Well, speak of the Devil . . .

In any case, I think we all know who's to blame for what happened to the subjunctive tense.
posted by washburn at 4:20 PM on February 11, 2008


I'm not buying that you can pick and choose whatever parts you like and still call it English.

Do you understand that there's been very little picking-and-choosing (in any conscious, intentional, I'm Leading The Way sense) involved in the evolution of English usage over the years? That people generally adopt these differences of convention un- or sub-consciously based on the language of those they grow up around, those they spend time communicating with?

Do you understand that whatever set of conventions you consider to be definitive, to be correct, are the accident of history? That every single person speaking English three hundred years ago was, by implication, speaking it incorrectly?

A natural language is a fractured collection of overlapping or contradicting conventions developed over time and space by people committing the crime of unselfconsciously speaking and writing in the course of their daily lives. The motive force of millions or billions of people interacting verbally with one another is many, many orders of magnitude more powerful than that of declarations of correct vs. incorrect usage; the idea that there is, that there can be some Standard (rather than, more reasonably, a study of dominant and sub-dominant conventions and trends and regionally/temporally distinct variants and hazy patches of cross-pollenation between) is nuts.

Attractive, maybe; logically appealing; preferable, for some applications; even familiar, when considered in the context of orderly beasts like the constructed and static grammars of programming languages. Granted on every point, depending on the context. But still nuts.

I'm just raising the question of what makes English.

Which (for English and any other natural language) is an interesting and worthy question, and I dig that you want to raise it; but you've been doing a pretty significant disservice to the idea of having an actually meaningful discussion of it so far in your presentation here. Whatever does and doesn't make English, it's not nitpicks or declarations about the failure of native speakers to hew to some unidentified source of Truth.
posted by cortex at 4:37 PM on February 11, 2008 [1 favorite]


"Whatever does and doesn't make English, it's not nitpicks or declarations about the failure of native speakers to hew to some unidentified source of Truth."

Is the subjunctive optional? Some think so. Is the present perfect optional? Again, some think so. But if the concept of English has any meaning, then it has characteristics that define it as such.

Or to put it another way: it's not about the nitpicks as such. It's about identifying what the nature of the thing is by identifying when something is not-that-concept.

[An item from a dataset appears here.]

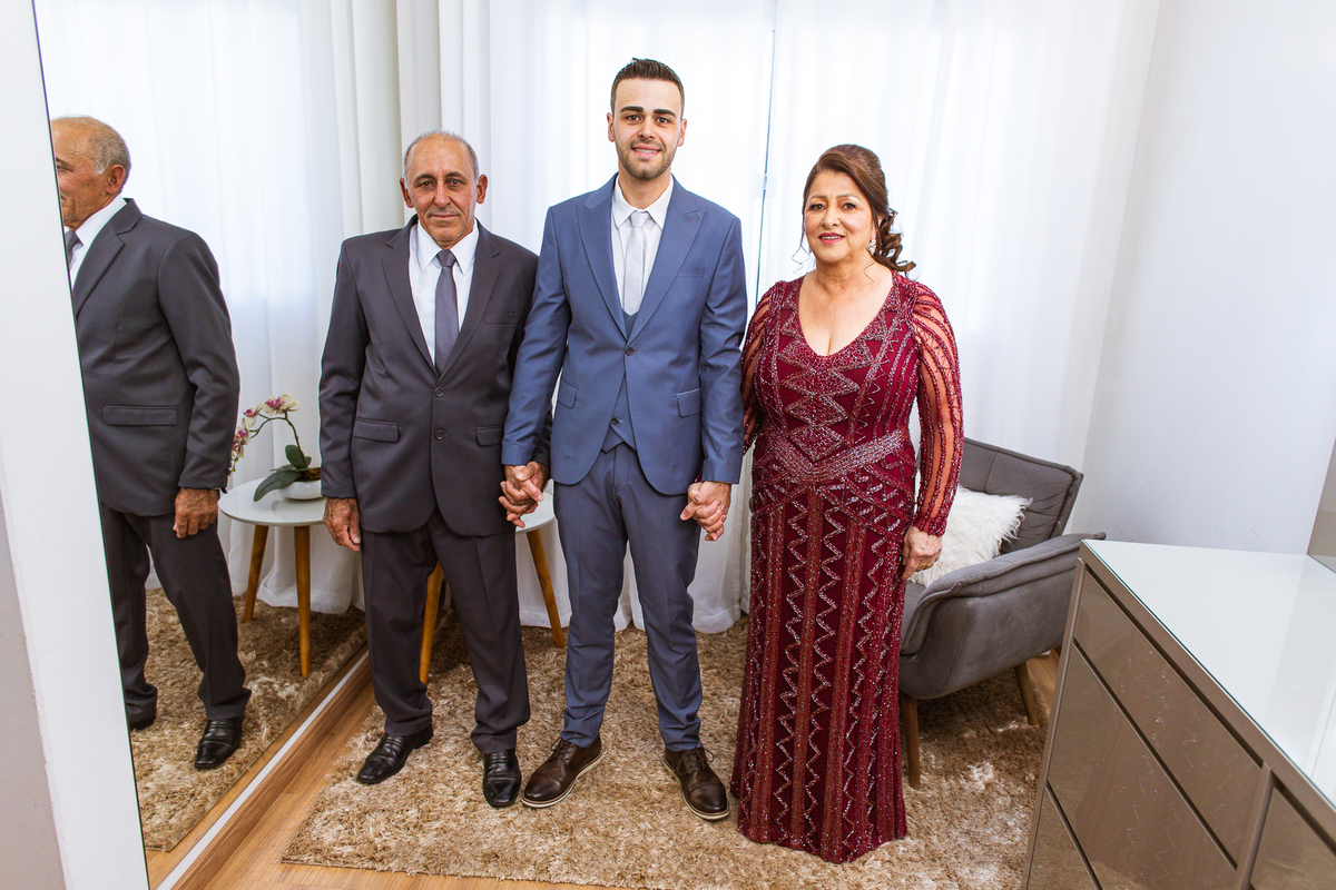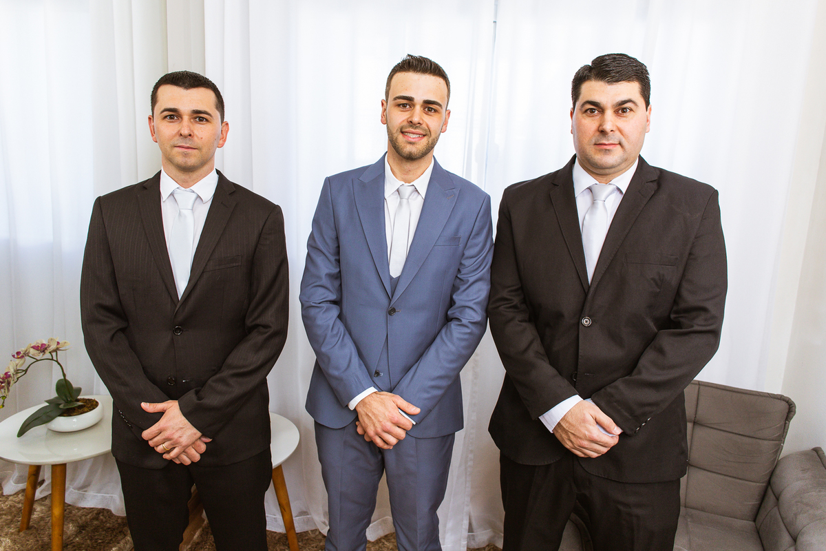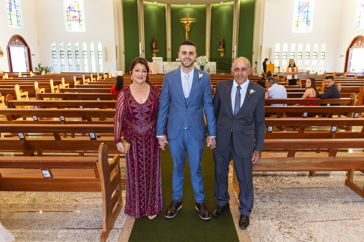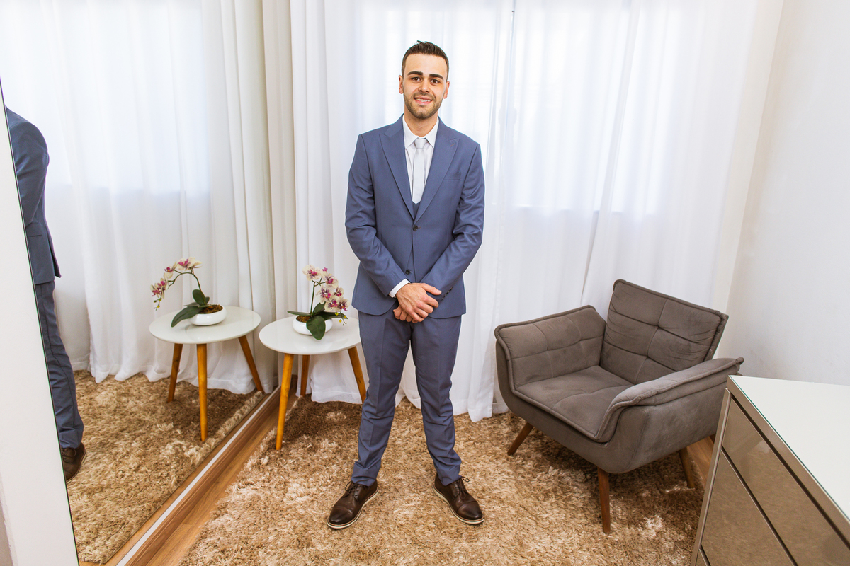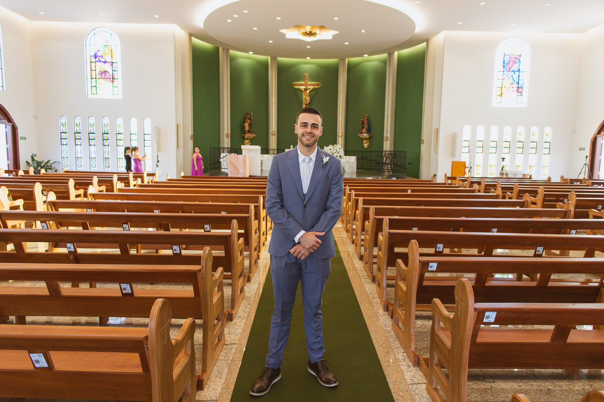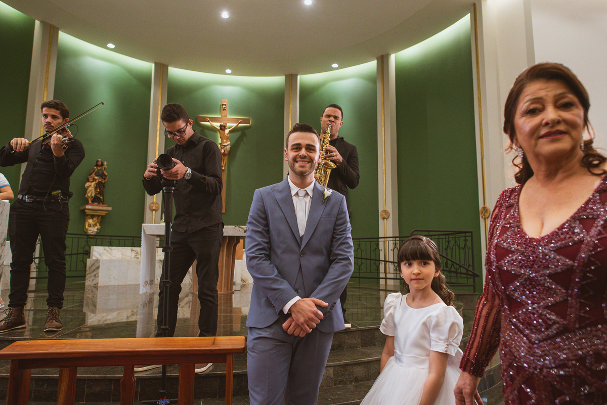 Na cidade de São Gotardo, Otávio também se preparava para o seu grande dia. Ele contou com a ajuda do seus pais e seu irmão para se arrumar. Com um terno azul clássico e muito elegante, ele se vestiu, colocou os sapatos e ajeitou seu penteado como gosta. Fotografou com seus pais, irmão e cunhado. Fez alguns retratos sozinho e rapidamente estava pronto para casar. Ele e o segundo fotógrafo partiram para a Igreja também. Na porta, alguns padrinhos já começavam a chegar. A equipe de cerimonial organizou a fila conforme os padrinhos iam chegando. Os pajens também apareceram, cada um mais fofo que o outro. Os músicos já estavam aguardando só o OK final para iniciar a cerimônia. O padre chegou e se posicionou. Logo a cerimônia começou.

Anglo-Saxon of 900 A.D. is not English and throwing in French didn't make it English, either. But somewhere along the line, it became a language in its own right, distinctive from its predecessors so that it was properly called by another name. We certainly are at that stage now; we're not speaking French or Anglo-Saxon here.

But if it is a concept that is distinct from others, we can identify it. And I say that it's more than whatever some majority says it is. And I think that multiplying the dialects until we have complete coverage is worse than the alternative.

Say, for example, that a majority of native speakers cannot keep lay and lie straight. Can we say that they are, ahem, mistaken? Or do we say that there is a dialect they are speaking that permits this? If so, then at this point, I've got arguments for dialects for subjunctive, present perfect, and lay/lie usage. By then, I wouldn't think that creating dialects is a valuable idea. Then I'd say that identifying a standard English usage might be in order.
posted by A-Train at 5:41 PM on February 11, 2008


Can we say that they are, ahem, mistaken? Or do we say that there is a dialect they are speaking that permits this?

You can look at the lay/lie distinction and the collapse as same as a narrative rather than a black-and-white Mistake Or Not argument and get a lot more mileage out of it.

What's a mistake? A violation of some intrinsic grammatical truth, or the violation of an existing language convention? I reject the former outright on account of the idea of said fixed, abstract truth being a load of bull.

So, okay: if at point x in history (a difficult point to nail down, as your link attests) everybody but Joe says "lie", and Joe says "lay"? We could reasonably say that this is a mistake—Joe has misanalyzed the conventional usage of those around him. He has acquired a different convention for lay/lie than previously existed.

If Joe's children and their friends and neighbors and so on acquire this usage from Joe, who is consistent in his use—if they correctly analyze and acquire Joe's usage—has there been a mistake? Their language centers are functioning just fine; they're learning language the same way every single person on the planet does; they're merely exposed to a very slightly different subset of conventions, with Joe as a vector.

If the usage becomes common in Joe's neighborhood, among people who are two or three generations of acquisition away from Joe, is it still a mistake? If it becomes common in his county? His region? In his country? Among speakers in various disparate nations? If it becomes the most common conventional usage among speakers? At which point does it stop being a mistake and start being a convention?

And which are your favorite totems of the true English language, the parts that have always and will always be used exactly as they are right now?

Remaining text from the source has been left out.